## Task to carry out
Copy out only the lines running from the one that contains "Priced to Sell" through the end of the listing. Pictures stay out.

## Given data

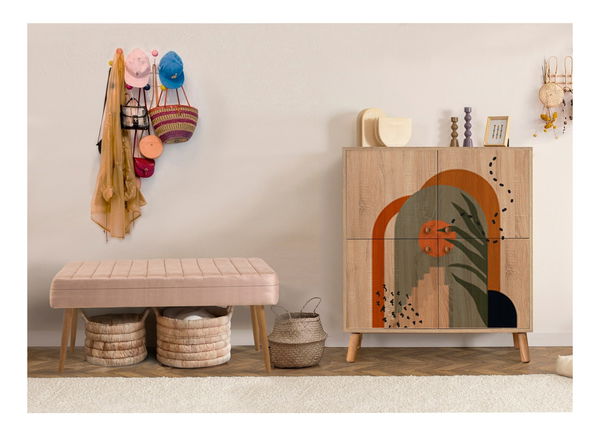 grosime: 18 mm, drevené picioare, pantofar: lățime: 95 cm, înălțime: 111 cm, adâncime: 36 cm, (1 buc) dimensiuni bancă: lățime: 105 cm, înălțime: 49 cm, adâncime: 40 cm
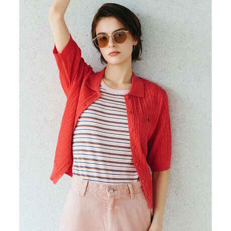 ・POLO BCSらしいケーブル柄がポイントな半袖ニット・胸元のPOLO BCSプレイヤー刺繍が上品なアクセントに
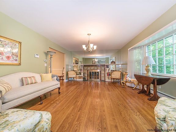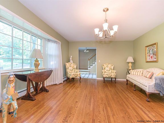 Priced to Sell !! Spacious and Gracious two story offers flowing floor plan, perfect for family living. Enjoy the roomy eat in kitchen which opens to the large family room ideal lay out for entertaining. Living room offers bay window and wood burning fireplace with Portuguese hand painted tile surround, formal dining room, powder room and bright and airy three season Florida sun room plus 35 x 16 deck complete the downstairs layout. Upstairs you will find the luxurious master bedroom suite with 4 year old bath, double sinks, granite counters, walk in shower and heated marble floors. Additional 4 bedrooms, one currently being used as an office, plus full hall bath. Bonus of full kitchen with separate entrance in basement just the right layout for catering. This comfortable and roomy 5 bedroom home is situated on 1+ acres, convenient to Uptown Kingston and walk to golf, tennis, and pool at the Wiltwyck Club.
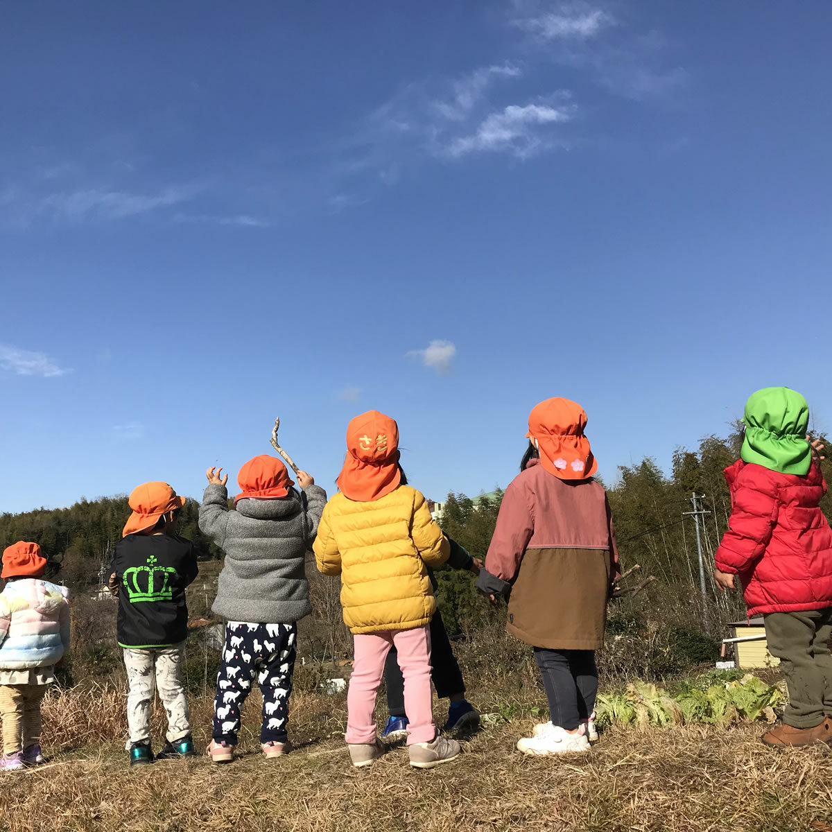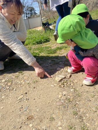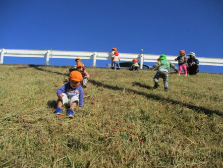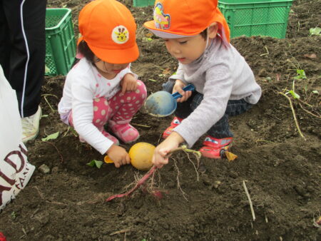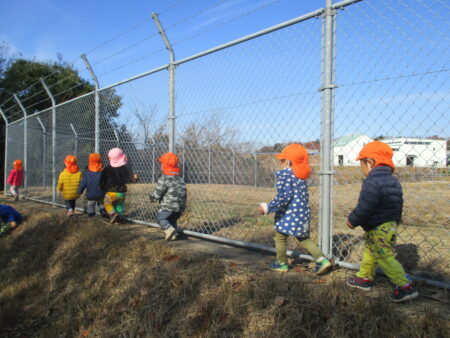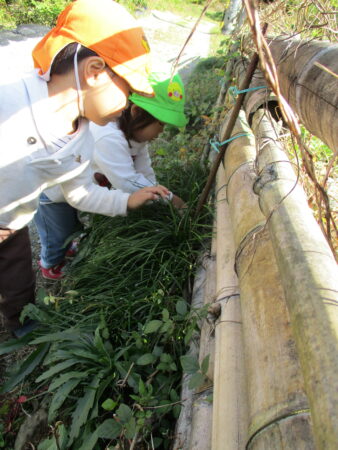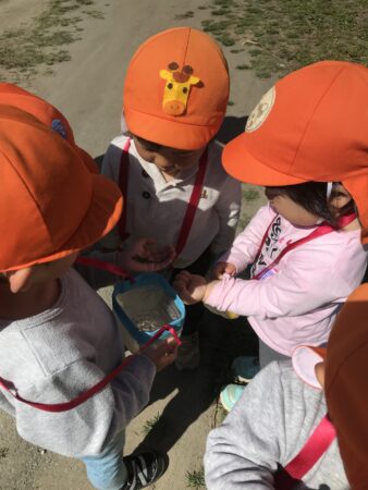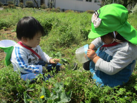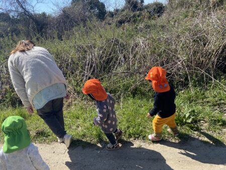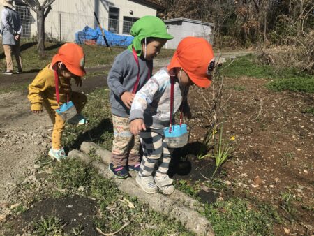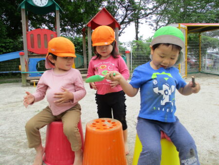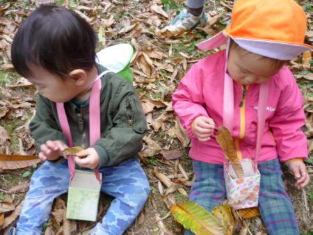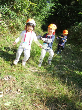 「子どもの立場に立つ」ことを大切にし、子どもたちが、大好きな遊びを思う存分、満足するまで楽しめるようにするために、大人との信頼関係づくりを大事にしながら、一人ひとりの好きな遊び、興味のあること、共通体験から出発し、あそびを考えています。特に、豊かな自然環境を活かし、1年を通して保育園の周辺でのいいもの探しの散歩を楽しんでいます。

## Response to the exercise
 Priced to Sell !! Spacious and Gracious two story offers flowing floor plan, perfect for family living. Enjoy the roomy eat in kitchen which opens to the large family room ideal lay out for entertaining. Living room offers bay window and wood burning fireplace with Portuguese hand painted tile surround, formal dining room, powder room and bright and airy three season Florida sun room plus 35 x 16 deck complete the downstairs layout. Upstairs you will find the luxurious master bedroom suite with 4 year old bath, double sinks, granite counters, walk in shower and heated marble floors. Additional 4 bedrooms, one currently being used as an office, plus full hall bath. Bonus of full kitchen with separate entrance in basement just the right layout for catering. This comfortable and roomy 5 bedroom home is situated on 1+ acres, convenient to Uptown Kingston and walk to golf, tennis, and pool at the Wiltwyck Club.
 「子どもの立場に立つ」ことを大切にし、子どもたちが、大好きな遊びを思う存分、満足するまで楽しめるようにするために、大人との信頼関係づくりを大事にしながら、一人ひとりの好きな遊び、興味のあること、共通体験から出発し、あそびを考えています。特に、豊かな自然環境を活かし、1年を通して保育園の周辺でのいいもの探しの散歩を楽しんでいます。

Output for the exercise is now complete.